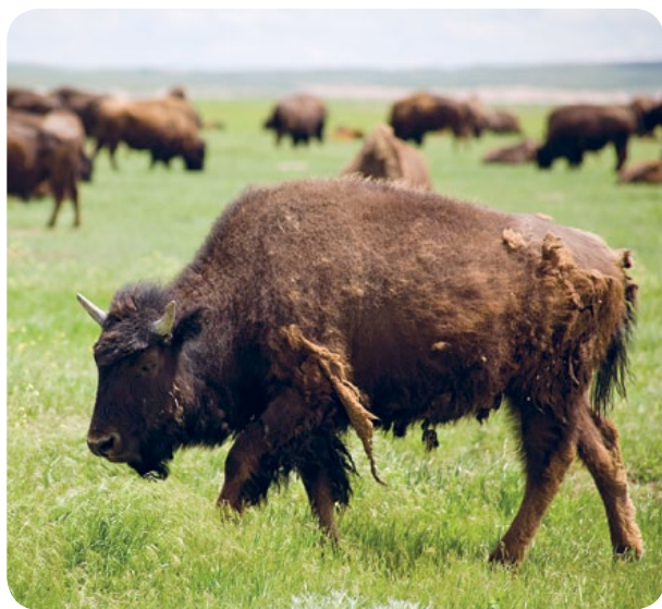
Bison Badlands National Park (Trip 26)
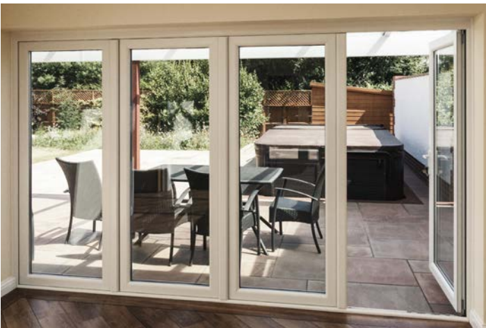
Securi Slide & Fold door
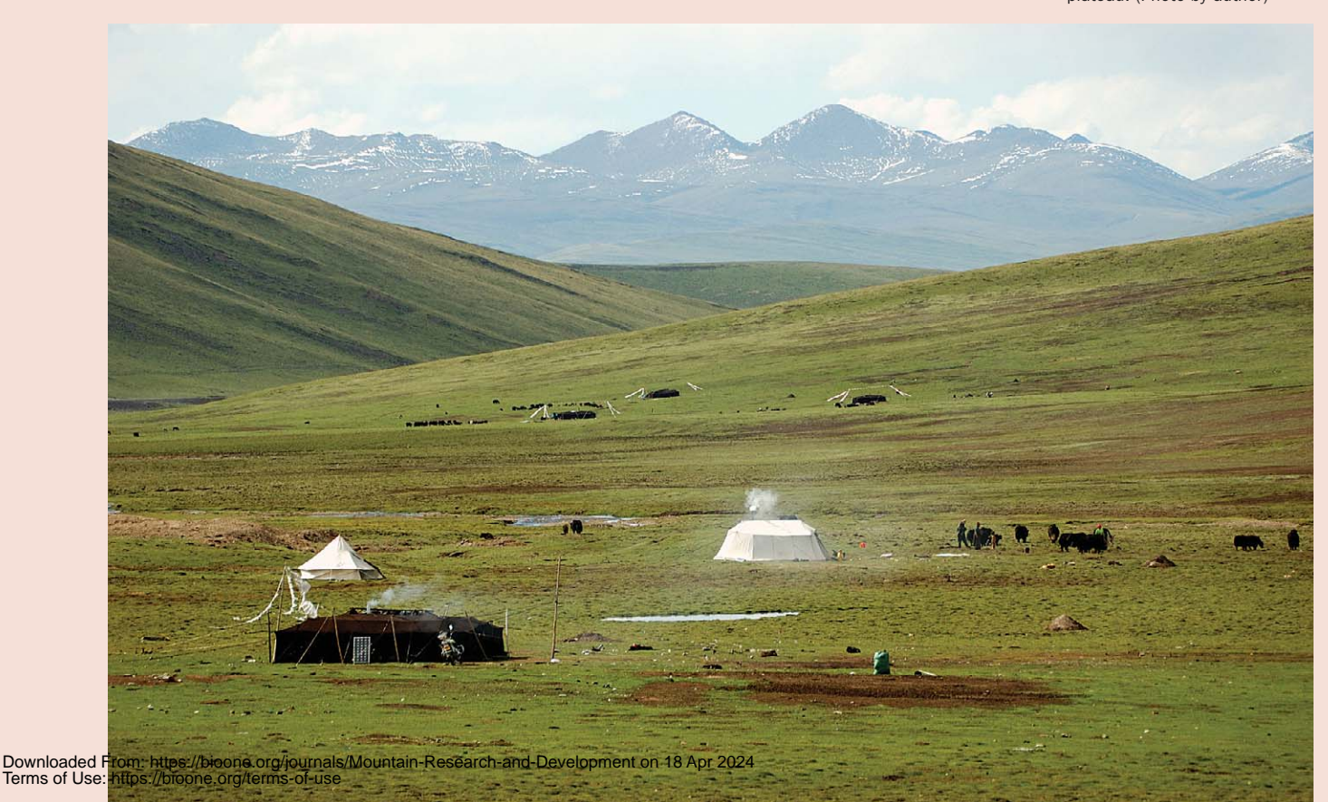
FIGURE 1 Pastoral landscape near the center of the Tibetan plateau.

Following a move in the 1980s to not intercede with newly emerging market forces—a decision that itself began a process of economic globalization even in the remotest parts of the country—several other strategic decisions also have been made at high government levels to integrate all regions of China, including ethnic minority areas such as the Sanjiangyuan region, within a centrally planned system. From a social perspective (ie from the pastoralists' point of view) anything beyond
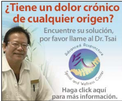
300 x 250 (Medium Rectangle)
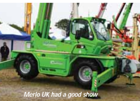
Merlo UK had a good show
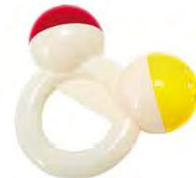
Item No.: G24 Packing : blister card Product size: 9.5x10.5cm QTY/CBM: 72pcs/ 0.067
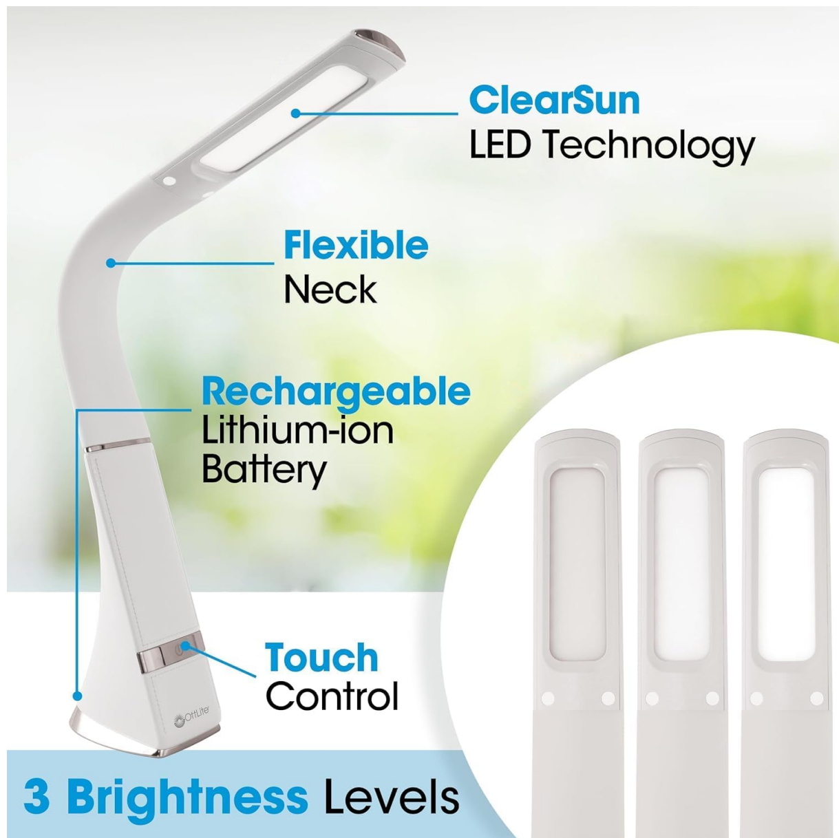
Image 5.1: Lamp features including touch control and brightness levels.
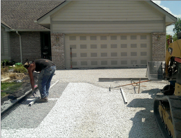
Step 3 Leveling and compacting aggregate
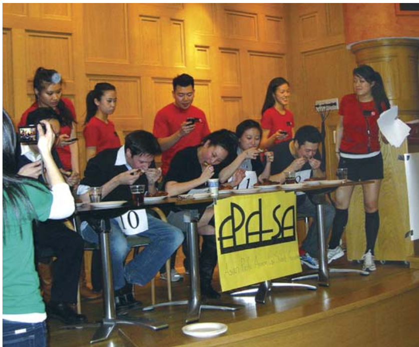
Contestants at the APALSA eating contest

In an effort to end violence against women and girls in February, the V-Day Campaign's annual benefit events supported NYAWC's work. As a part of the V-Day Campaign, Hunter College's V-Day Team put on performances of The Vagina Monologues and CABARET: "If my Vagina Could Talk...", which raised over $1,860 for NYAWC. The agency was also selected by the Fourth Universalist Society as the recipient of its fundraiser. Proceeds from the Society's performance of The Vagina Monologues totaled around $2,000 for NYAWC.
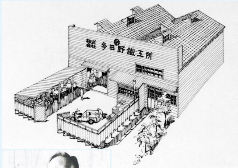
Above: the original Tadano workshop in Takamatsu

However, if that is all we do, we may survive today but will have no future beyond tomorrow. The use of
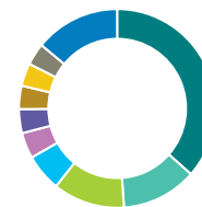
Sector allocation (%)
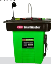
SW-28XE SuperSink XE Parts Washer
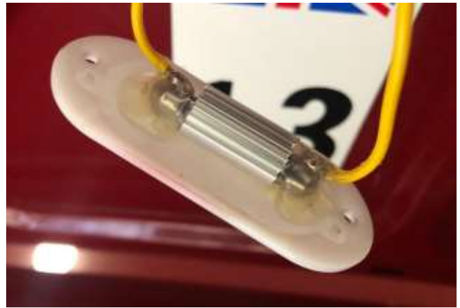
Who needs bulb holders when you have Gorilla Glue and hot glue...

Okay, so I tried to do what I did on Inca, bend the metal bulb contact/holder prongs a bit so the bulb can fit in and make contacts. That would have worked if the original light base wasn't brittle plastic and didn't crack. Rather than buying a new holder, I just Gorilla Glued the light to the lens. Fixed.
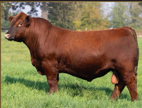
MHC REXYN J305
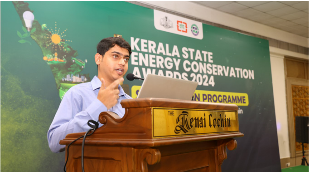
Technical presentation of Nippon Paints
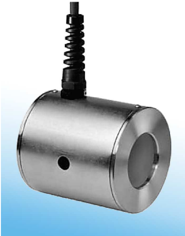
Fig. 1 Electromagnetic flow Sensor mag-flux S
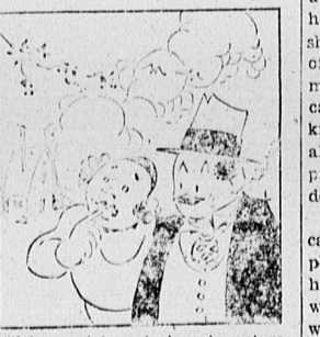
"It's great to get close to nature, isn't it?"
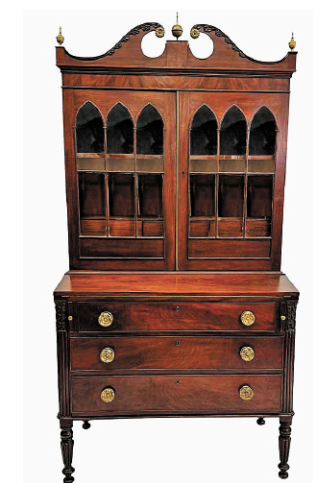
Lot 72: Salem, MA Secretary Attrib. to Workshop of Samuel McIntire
========
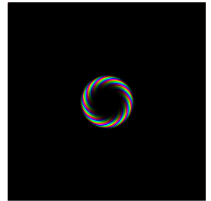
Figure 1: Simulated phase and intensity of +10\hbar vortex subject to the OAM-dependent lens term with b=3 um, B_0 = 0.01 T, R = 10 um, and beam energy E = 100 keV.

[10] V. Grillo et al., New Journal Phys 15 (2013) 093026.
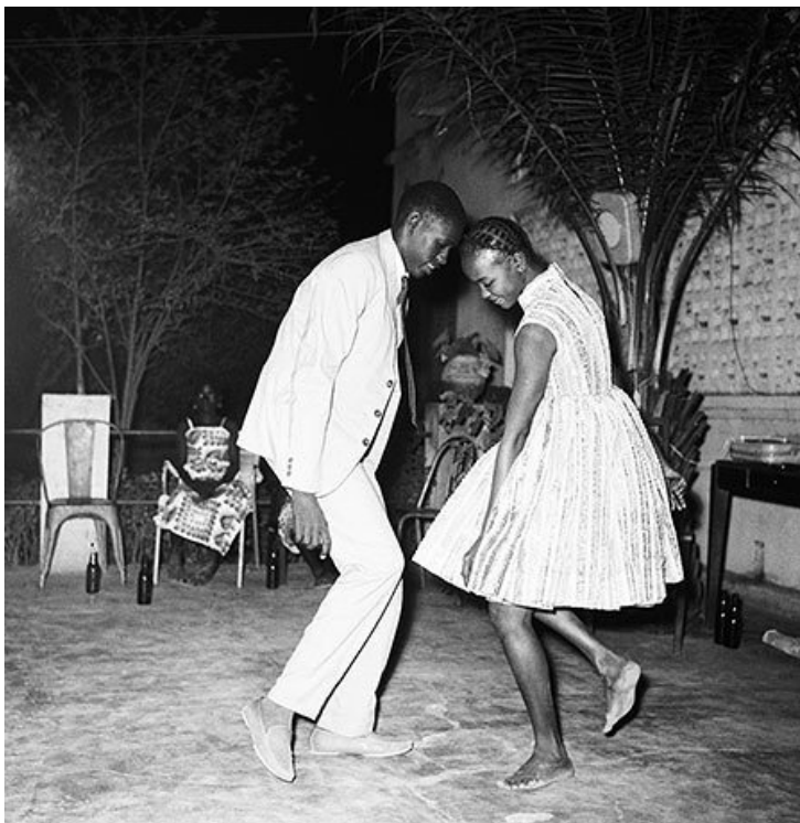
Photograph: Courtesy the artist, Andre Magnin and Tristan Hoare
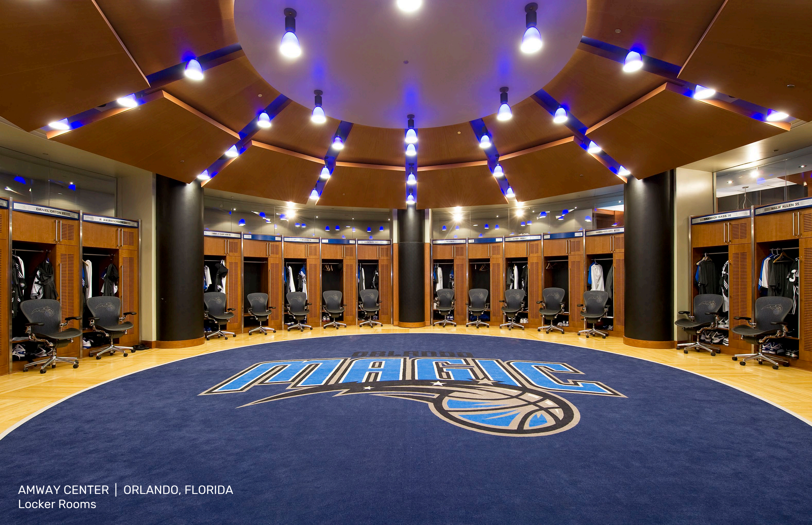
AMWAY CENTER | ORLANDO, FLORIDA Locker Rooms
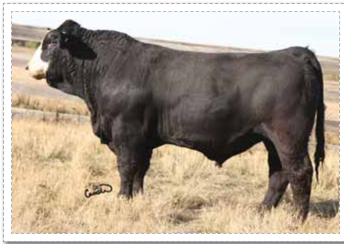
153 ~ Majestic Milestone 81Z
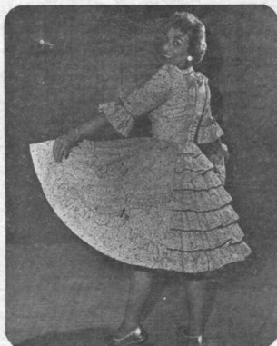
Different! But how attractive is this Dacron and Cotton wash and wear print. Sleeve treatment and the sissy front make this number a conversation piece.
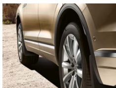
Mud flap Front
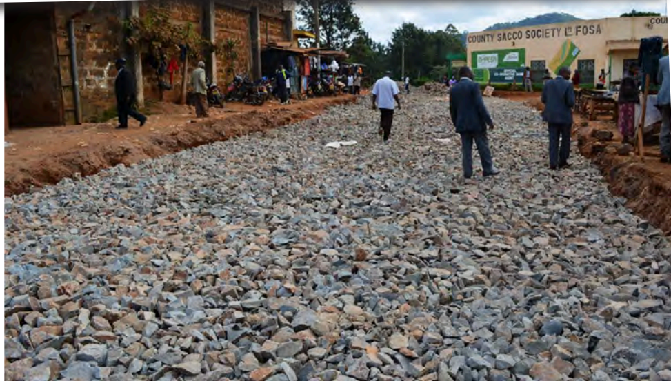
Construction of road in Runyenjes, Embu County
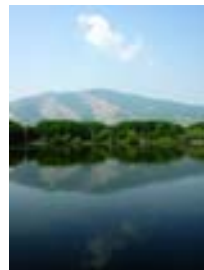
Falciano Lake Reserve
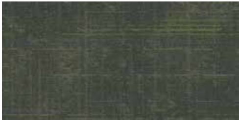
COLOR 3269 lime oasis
========
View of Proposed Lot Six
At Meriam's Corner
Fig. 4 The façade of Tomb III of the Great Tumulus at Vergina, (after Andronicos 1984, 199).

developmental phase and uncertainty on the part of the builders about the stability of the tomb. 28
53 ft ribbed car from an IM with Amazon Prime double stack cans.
========
Exercise aim: Check each line of the records above, and copy those that hold the word "phase".

Reply to the exercise:
Figure 1: Simulated phase and intensity of +10\hbar vortex subject to the OAM-dependent lens term with b=3 um, B_0 = 0.01 T, R = 10 um, and beam energy E = 100 keV.
developmental phase and uncertainty on the part of the builders about the stability of the tomb. 28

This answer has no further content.